(Beginning of Supplied data)
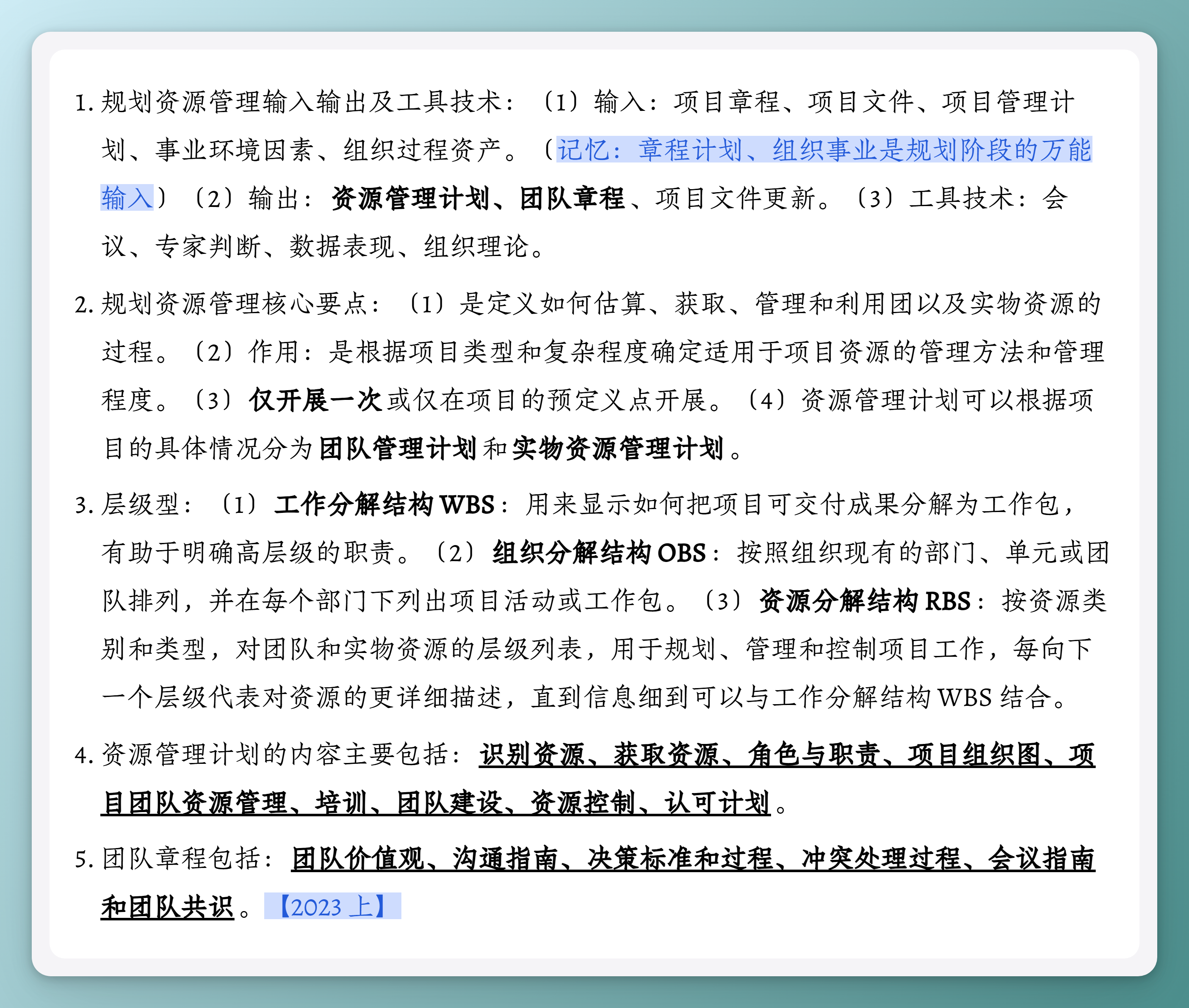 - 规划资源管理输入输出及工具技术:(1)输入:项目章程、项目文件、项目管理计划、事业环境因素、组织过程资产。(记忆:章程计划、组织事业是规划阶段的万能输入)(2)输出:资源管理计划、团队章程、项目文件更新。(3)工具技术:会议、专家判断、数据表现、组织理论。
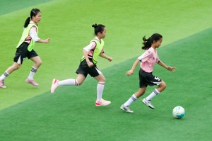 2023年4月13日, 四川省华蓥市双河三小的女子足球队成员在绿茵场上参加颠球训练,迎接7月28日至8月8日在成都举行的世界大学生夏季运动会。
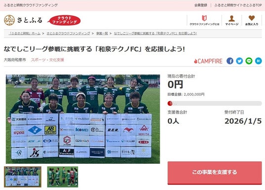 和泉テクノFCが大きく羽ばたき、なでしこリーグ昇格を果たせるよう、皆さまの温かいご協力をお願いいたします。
(End of Supplied data)
## What you will do
In your copy of the material, match every word exactly and include no pictures.

## Exercise solution
 - 规划资源管理输入输出及工具技术:(1)输入:项目章程、项目文件、项目管理计划、事业环境因素、组织过程资产。(记忆:章程计划、组织事业是规划阶段的万能输入)(2)输出:资源管理计划、团队章程、项目文件更新。(3)工具技术:会议、专家判断、数据表现、组织理论。
 2023年4月13日, 四川省华蓥市双河三小的女子足球队成员在绿茵场上参加颠球训练,迎接7月28日至8月8日在成都举行的世界大学生夏季运动会。
 和泉テクノFCが大きく羽ばたき、なでしこリーグ昇格を果たせるよう、皆さまの温かいご協力をお願いいたします。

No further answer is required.